Adalet ve Kalkınma Partisi (AK Parti), ilçe kongrelerinin yüzde 98’ini ve il kongrelerinin ise yüzde 80’ini tamamlayarak önemli bir başarı elde etmiştir. Bu süreçte, partinin üye sayısı 11 milyon 300 bine ulaşmıştır. Ayrıca, önümüzdeki günlerde en az dört milletvekili ve 20 belde/ilçe belediye başkanının AK Parti’ye katılacağı belirtilmektedir. Bu katılımların, AK Parti içinde gerçekleştirilecek grup toplantılarında veya 23 Şubat’ta yapılacak büyük kongrede toplu bir şekilde gerçekleşebileceği ifade edilmektedir. Kulislerde, gelecek milletvekillerinin Gelecek Partisi, Demokrasi ve Forward Party (DEVA) ve İyi Parti’den olacağı sıkça dile getirilmektedir.
Gelişmeleri takip eden AK Parti kaynakları, katılımların her geçen gün arttığını belirterek, partilerine geleceğe dair söz söylemek isteyen tüm bireylere kapılarının açık olduğunu vurgulamaktadırlar. AK Parti’den yapılan açıklamada, “Partimize yoğun bir teveccüh var. Türkiye’de temsiliyeti en geniş siyasi partiyiz. Her farklı görüş ve inanıştan üyemiz var. Türkiye’nin temel değerlerine karşı bir duruşu olmayan herkese kapımız açık. Türkiye Yüzyılı’nda söz sahibi olmak isteyen herkesi bekliyoruz. Önümüzdeki günlerde de katılımlar sürecek ve partimiz büyümeye devam edecek,” şeklinde açıklama yapılmıştır.
Geçmişte, farklı tarihlerde istifa ederek AK Parti’ye katılan milletvekilleri arasında Dursun Ataş, Seyithan İzsiz, Ersagun Yücel, İdris Nebi Hatipoğlu (İyi Parti), Suat Pamukçu (Yeniden Refah Partisi) ve Nedim Yamalı (Gelecek Partisi) bulunmaktadır. Bu isimler, partisel geçişlerin artan bir trend içerisinde olduğunu göstermektedir. Ayrıca, 13 belediye başkanı da benzer bir süreçle AK Parti’ye katılmıştır. Bu durum, Türkiye’deki siyasi dinamiklerin değişime uğradığını ve partilerin güç dengelerinin yeniden şekillendiğini göstermektedir.

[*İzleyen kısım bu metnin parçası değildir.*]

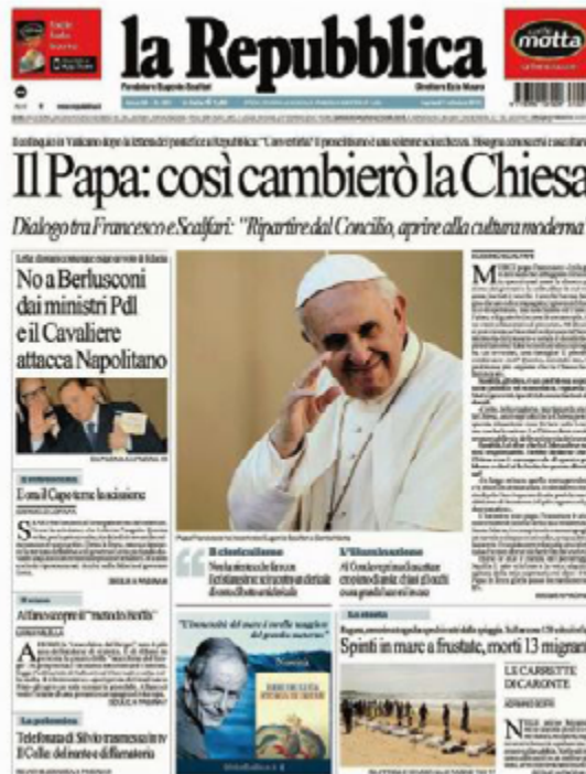
Entrevistas añaden nuevas confusiones

Al ser entrevistado durante el vuelo de regreso de Río,
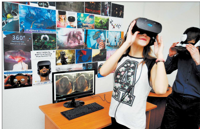
Путешествие в виртуальный мир даёт вполне конкретные эмоциональные впечатления
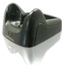
Einfach Ladestation mit Ladeschacht für Ersatzakku (Opt. Ethernet oder Modem Anschluss)
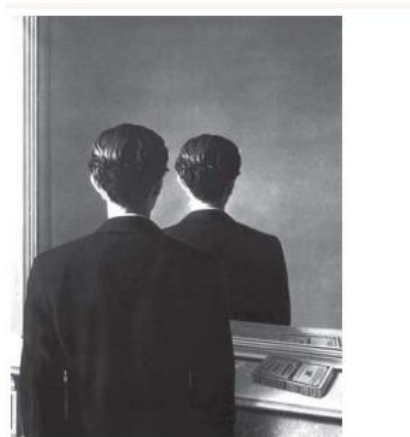
MAGRITTE, R. A reprodução proibida. Óleo sobre tela, 81,3 x 65 cm. Museum Boijmans Van Beuningen, Holanda, 1937.

O Surrealismo configurou-se como uma das vanguardas artísticas europeias do início do século XX. René Magritte, pintor belga, apresenta elementos dessa vanguarda em suas produções. Um traço do Surrealismo presente nessa pintura é o(a):
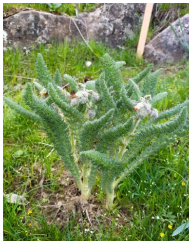
1-rasm. BIEBERSTEINIA MULTIFIDA DC. – morfologik tuzilishi (Vegetativ va generativ organlarining ko'rinishi. Gullash fazasining boshlanishi)

O'zbekistonning tog'li viloyatlarida dengiz sathidan 1200 metr balandlikdan boshlab uchraydigan tur. Bu o'simlikning uzunligi 20-70 sm bo'lib ko'p yillik yo'g'on ildizmevali. Butun tanasi o'ziga xos tukchalar bilan qoplangan. Barglari uzun tortgan tuxumsimon yoki lansetsimon, guli aktinomorf, changchisi 10 ta, urug'chisi 5 ta meva bargdan shakllangan [2,3,4,5]. Muhim dorivor o'simlik sifatida xalq tabobatida keng qo'llaniladi.
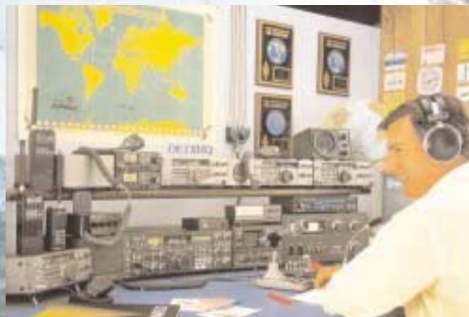
Amateurfunk ist völkerverbindend – eben eine Welt ohne Grenzen.

Um die Amateurfunkbewilligung zu erlangen legt man nach einem Vorbereitungskurs vor der österreichischen Fernmeldebehörde eine Prüfung ab. Die Prüfung kann für verschiedene Bewilligungsklassen, CEPT-Klassen, die nahezu weltweit gelten, oder eine Einsteigerklasse, die in Österreich gilt, beantragt werden.
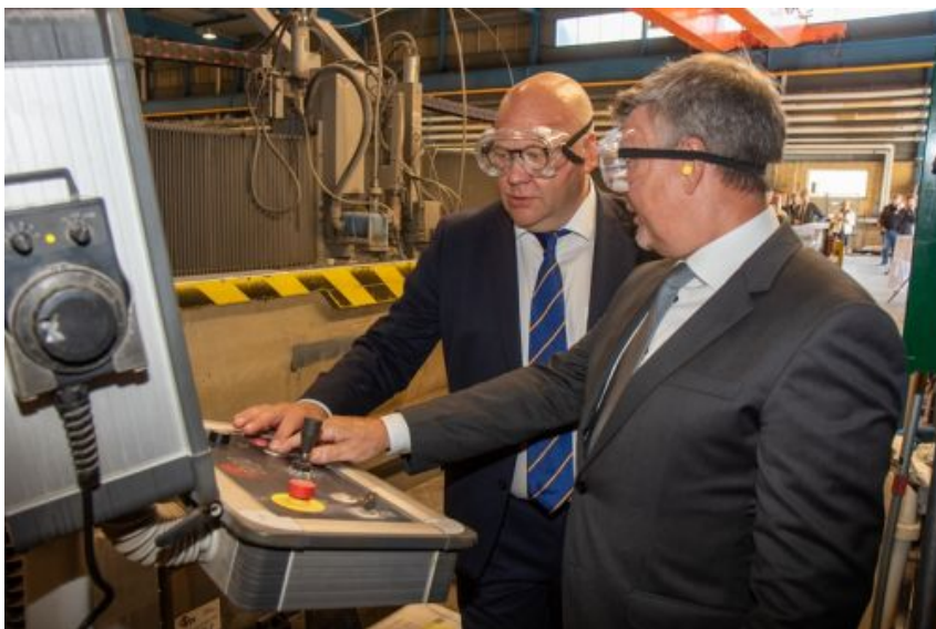
Dostawy jednostek typu Pohjanmaa zaplanowano na lata 2027-2029

W zakładach Saaba w Karlskronie odbyła się uroczystość cięcia kompozytów pod pierwszy maszt fińskiej korwety typu Pohjanmaa . Łącznie przedsiębiorstwo dostarczy 4 takie maszty dla przyszłych fińskich okrętów nabywanych w programie Squadron 2020. Saab jest jednym z podwykonawców kontraktu a zamówienie otrzymał we wrześniu 2019.
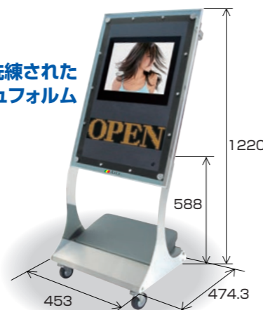
アップードスタンド
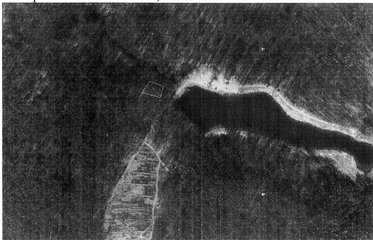
Ботанічна пам'ятка природи місцевого значення «Зозулин яр»

Вказаний фрагмент лісу презентує рослинні угруповання старого вільхового лісу що росте в яру та має місцеву назву «Зозулин яр». В яру є два джерела. Флора даного об'єкту налічує більше 15 видів вищих рослин.
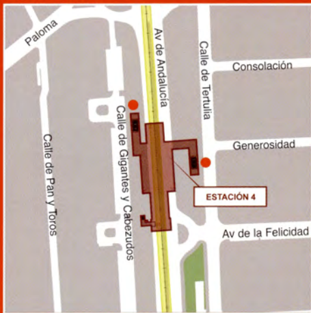
Avenida de Andalucía / Calle de la Generosidad
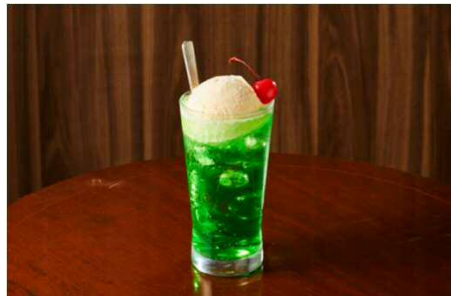
メロンクリームソーダ 438円

<お問い合わせ先> サトフードサービス株式会社 和食さとマーケティング部 (担当) 山口・朴 TEL:070-1305-6114 E-mail: hanbaisokusin@sato-rs.jp オフィシャルHP: https://sato-res.com/sato/
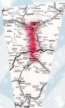
SENDEGEBIET ANTENNE 3
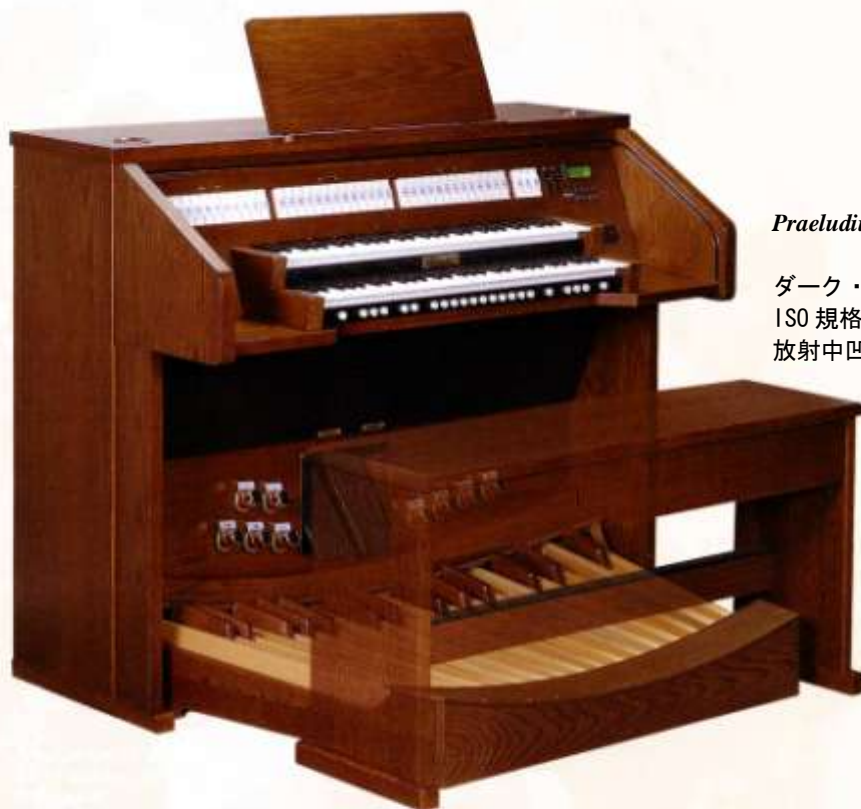
Praeludium IV D

AK Parti, bu dönemde yalnızca mevcut üyeleri ile değil, aynı zamanda yeni katılımlar ile de genişleme hedefi güderek siyasetteki konumunu sağlamlaştırma amacını taşımaktadır. Partinin, mevcut siyasi atmosferde daha fazla güç kazanmayı hedeflediği ve bu amaçla çeşitli stratejiler geliştirdiği anlaşılmaktadır. Gelecek süreçte, yapılacak olan büyük kongre ve grup toplantıları, AK Parti’nin yeni katılımlarını duyurması açısından önemli bir platform olacağa benziyor.
Bu noktada, siyasi partiler arasındaki rekabetin yanı sıra, çeşitli görüş ve görüşmeme akımlarının etkisi altında bir siyasi iklim oluştuğu dikkat çekmektedir. AK Parti’nin bu yeni yönelimi, ilerleyen günlerde Türkiye siyasi sahnesinde yönlendiren bir rol üstlenmesini sağlayabilir. Muhtemel katılımların, siyasi partilerin stratejik planlarını nasıl etkileyeceği ise merakla beklenmektedir. Dolayısıyla, partiler arasındaki geçişlerin önümüzdeki dönemlerde artması kuvvetle muhtemeldir.